What the task asks: Your answer must be an exact copy of the listing, with the images left out.

Information provided:
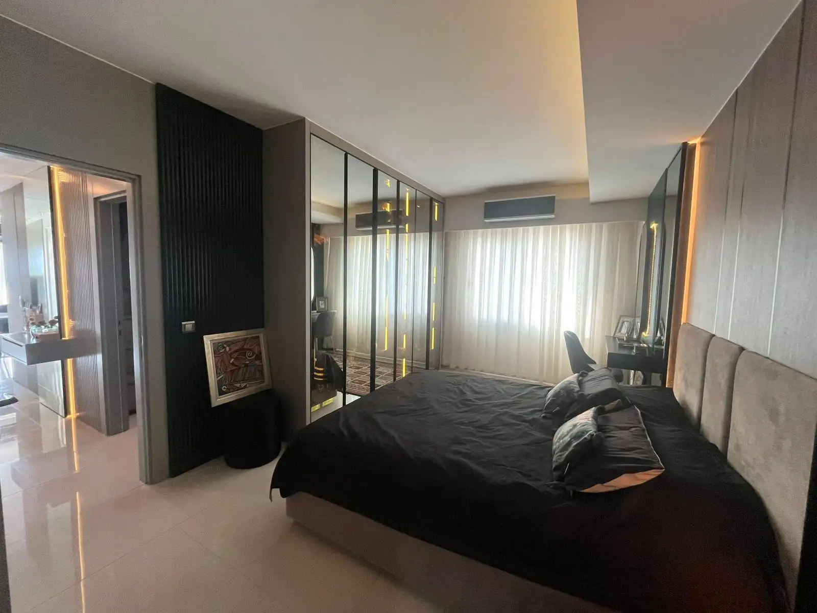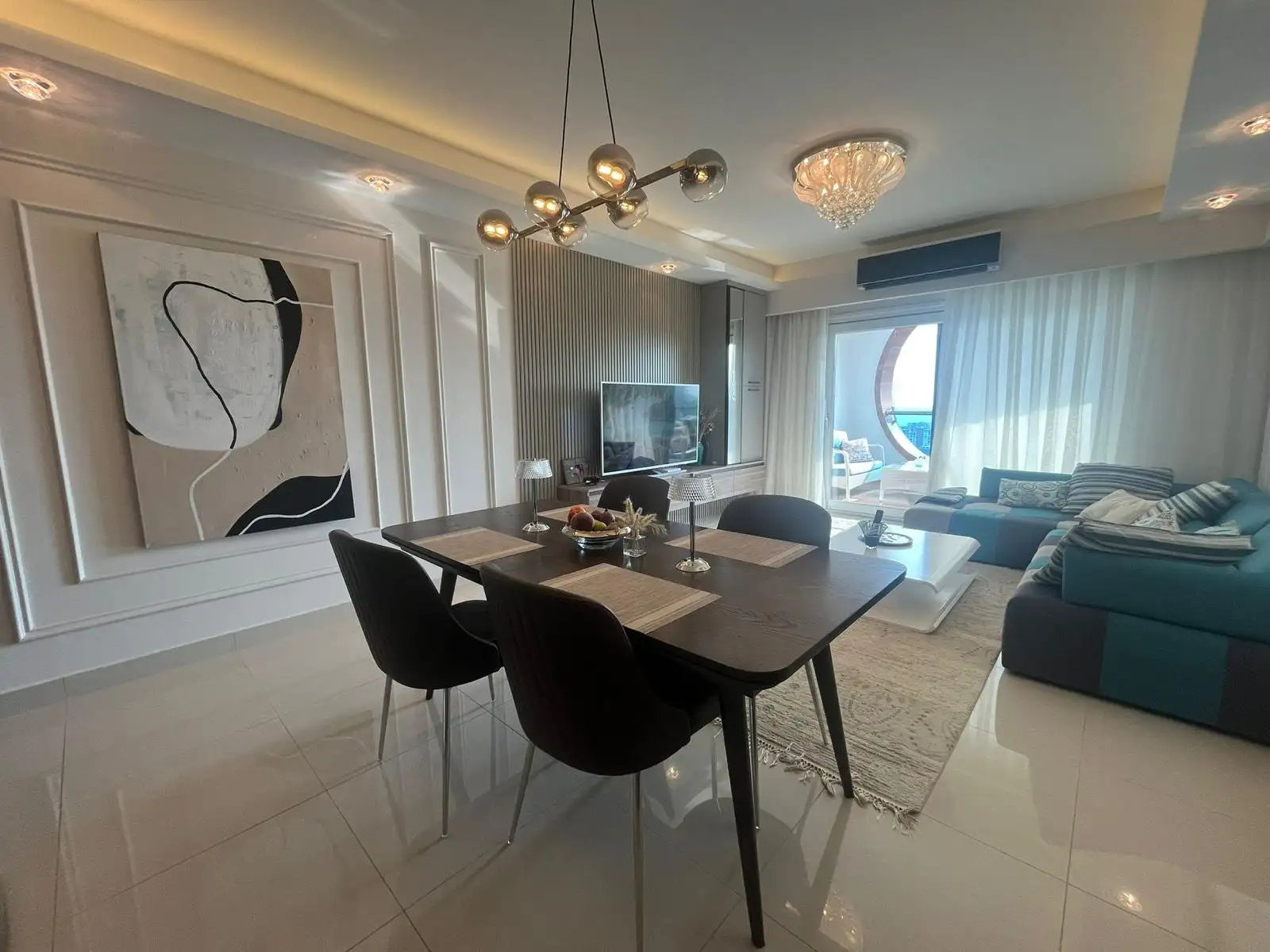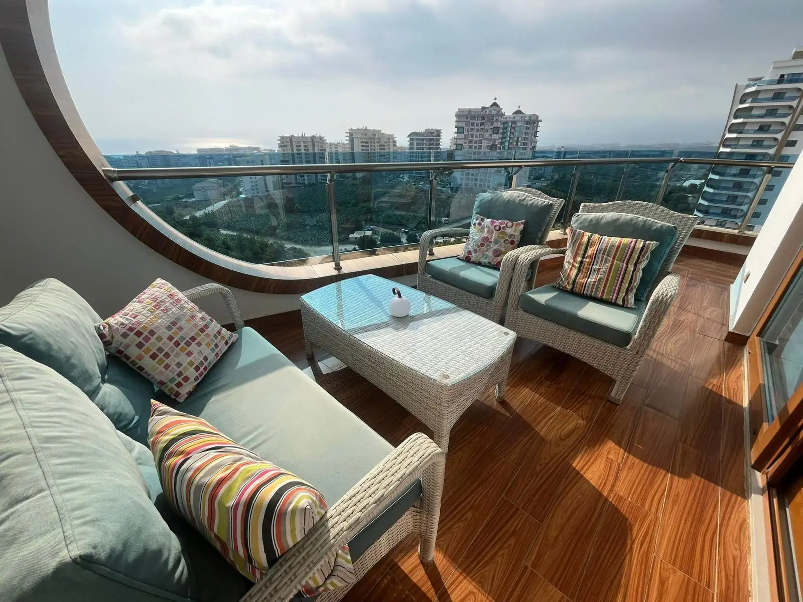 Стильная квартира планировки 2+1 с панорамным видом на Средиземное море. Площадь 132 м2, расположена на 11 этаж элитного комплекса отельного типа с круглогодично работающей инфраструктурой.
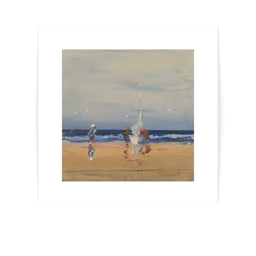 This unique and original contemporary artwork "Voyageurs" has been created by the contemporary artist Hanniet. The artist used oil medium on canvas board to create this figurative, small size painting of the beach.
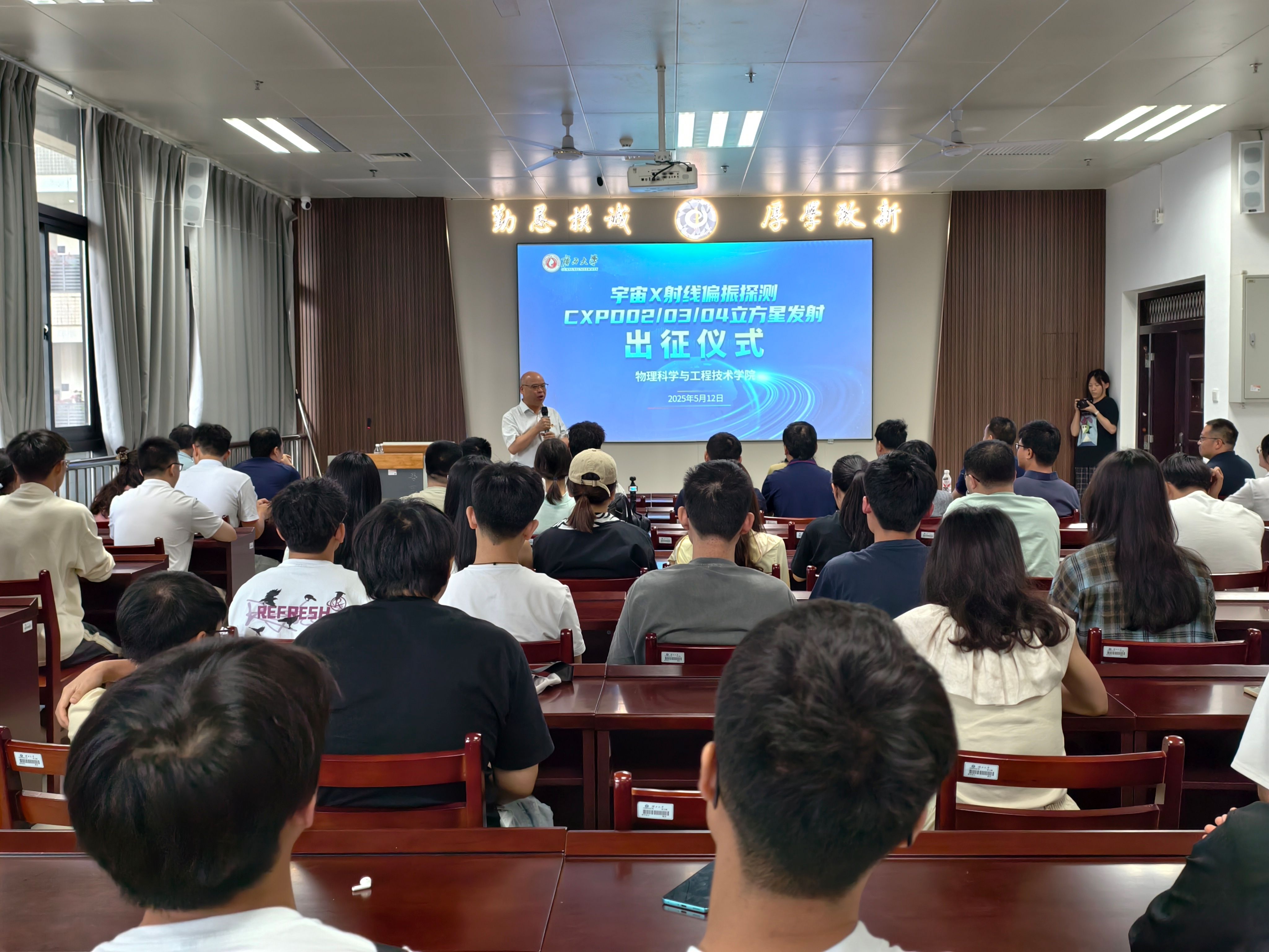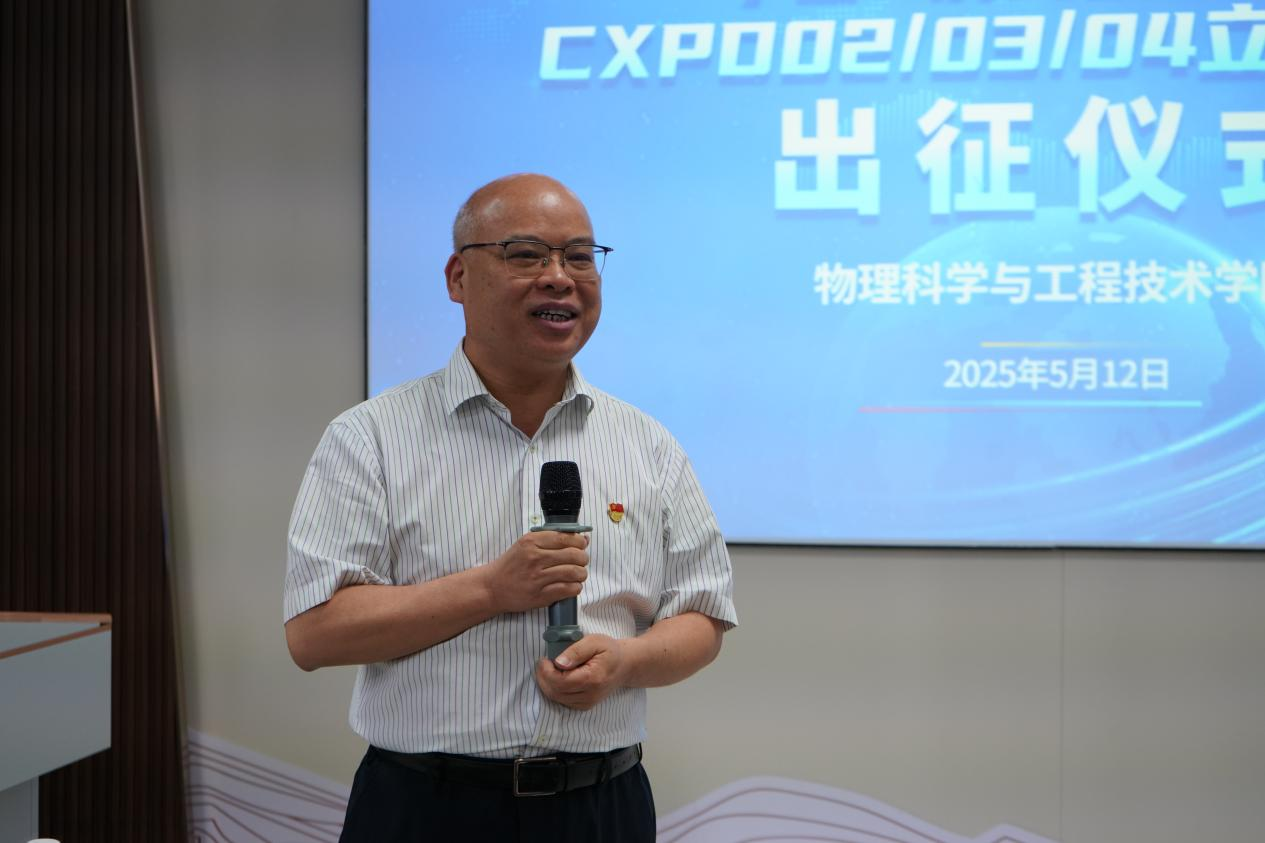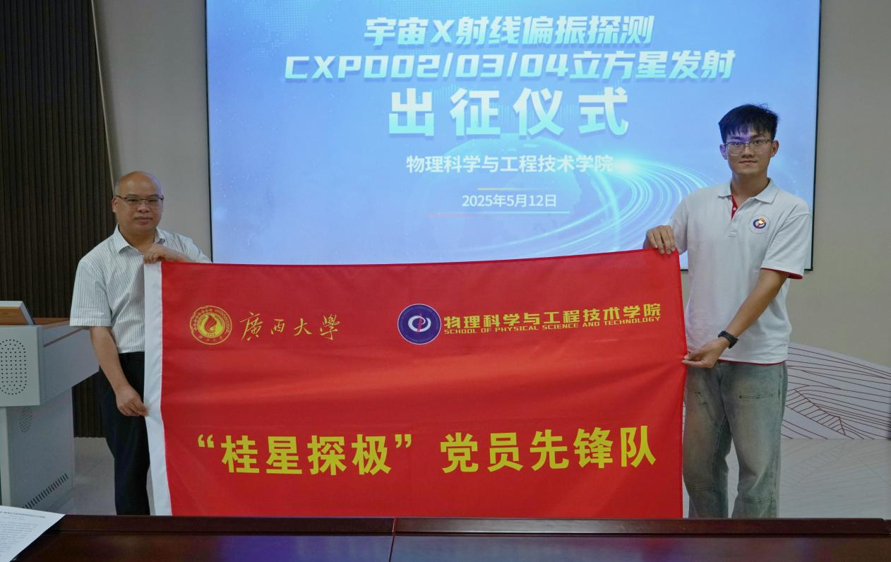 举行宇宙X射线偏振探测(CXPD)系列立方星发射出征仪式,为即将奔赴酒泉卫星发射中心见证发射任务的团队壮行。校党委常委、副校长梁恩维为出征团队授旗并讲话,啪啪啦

Response to this task:
 Стильная квартира планировки 2+1 с панорамным видом на Средиземное море. Площадь 132 м2, расположена на 11 этаж элитного комплекса отельного типа с круглогодично работающей инфраструктурой.
 This unique and original contemporary artwork "Voyageurs" has been created by the contemporary artist Hanniet. The artist used oil medium on canvas board to create this figurative, small size painting of the beach.
 举行宇宙X射线偏振探测(CXPD)系列立方星发射出征仪式,为即将奔赴酒泉卫星发射中心见证发射任务的团队壮行。校党委常委、副校长梁恩维为出征团队授旗并讲话,啪啪啦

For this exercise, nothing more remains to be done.